Faculty apathy a letdown

We all have busy lives, but many more NIU faculty should have made time to evaluate President John La Tourette when they had the chance.

A mandatory five-year evaluation of La Tourette is being carried out by the Board of Regents and NIU faculty input was asked for. But according to University Council Executive Secretary J. Carroll Moody, the response has been negligible.

Carroll said he thought the small response might be due to the pay freezes and climbing insurance premiums the faculty have been saddled with. The low morale these factors engendered could have kept some faculty from bothering with the survey, he said.

Certainly these are legitimate causes of discontent, but that should be all the more reason to evaluate La Tourette’s handling of the situation.

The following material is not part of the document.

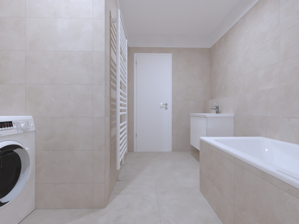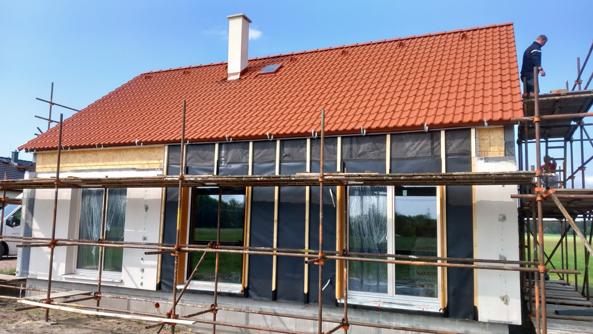 Rodinný dům stavíme ve standardu Haas PREMIUM, to znamená, že bude vybaven tepelným čerpadlem, podlahovým topením i komínem pro připojení krbu nebo krbových kamen. Zvenku zdobí fasádu bungalovu obložení ze smrkových palubek, zapuštěných do fasády.

Is this incident just a temporary lapse of interest? More likely, it is another example of the widespread apathy at NIU—also demonstrated by poor sporting events attendance, meager SA election voter turnout and the high number of students who spend weekends away from DeKalb, among other things.

And how embarrassing it is to have another university president serving on the Regents’ review committee see such poor cooperation demonstrated.

NIU faces an uncertain period of increased student interest and campus expansion coupled with continued downstate foot-dragging on funding. Strong leadership is essential for NIU in the next few years.

The faculty had the chance to send a clear message as to whether La Tourette should continue to be that leader, but squandered it. The president and the university both deserved better.